*** Supplied information Section Begins ***

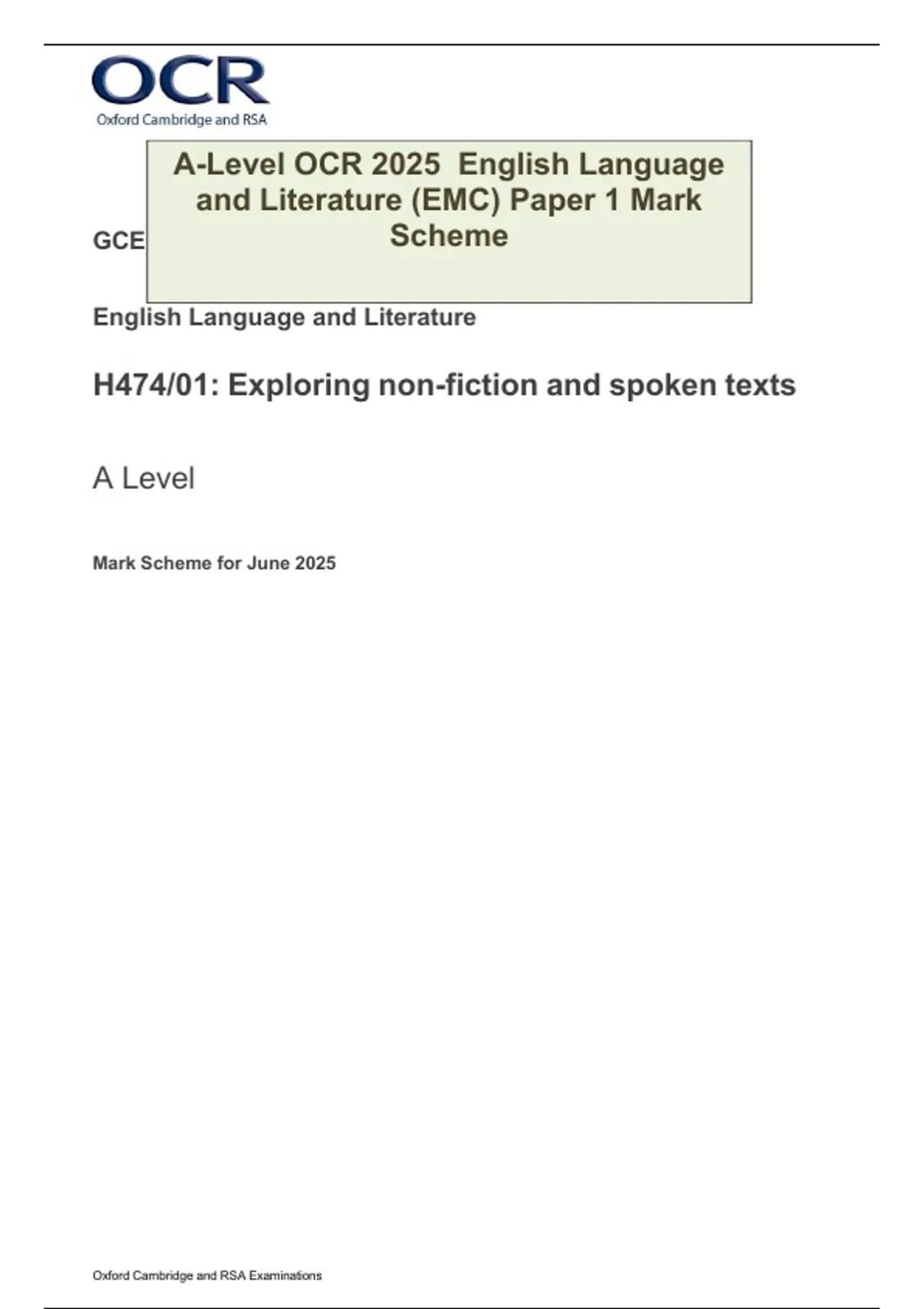 A-Level OCR 2025 English Language and Literature (EMC) Paper 1, 2, & 3 Mark Schemes
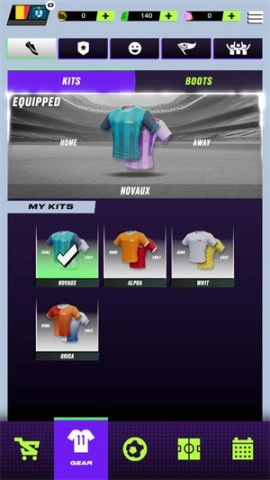 3、若想更换球队服装和队徽设计,请点击下方的gear按钮。
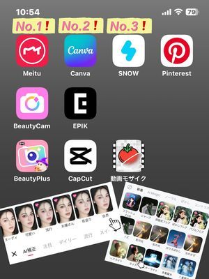 文字入れも簡単だし、イマドキなAI加工が多くてとにかく可愛い!
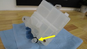 Remove the screw that attaches the side of the coolant bottle to the
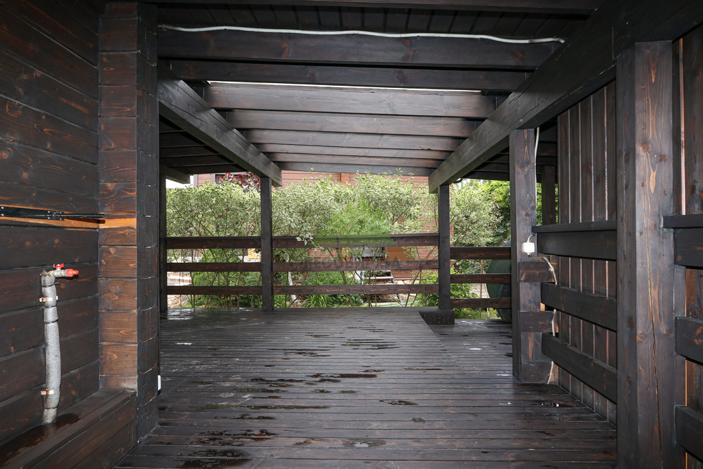 - Нанесение финишного слоя гидромасла Renner YS M300: заключительный слой масла обеспечивает максимальную защиту и придает фасаду бани и террасе глубокий, насыщенный цвет. Именно на этом этапе проявляется вся красота древесины под новым, благородным оттенком, подобранным в тон к основному дому.

*** Supplied information Section Ends ***

What you return must match the lines from the top of the data through the line with "Remove the screw" exactly, with the pictures removed.

◆ **Output below**
 A-Level OCR 2025 English Language and Literature (EMC) Paper 1, 2, & 3 Mark Schemes
 3、若想更换球队服装和队徽设计,请点击下方的gear按钮。
 文字入れも簡単だし、イマドキなAI加工が多くてとにかく可愛い!
 Remove the screw that attaches the side of the coolant bottle to the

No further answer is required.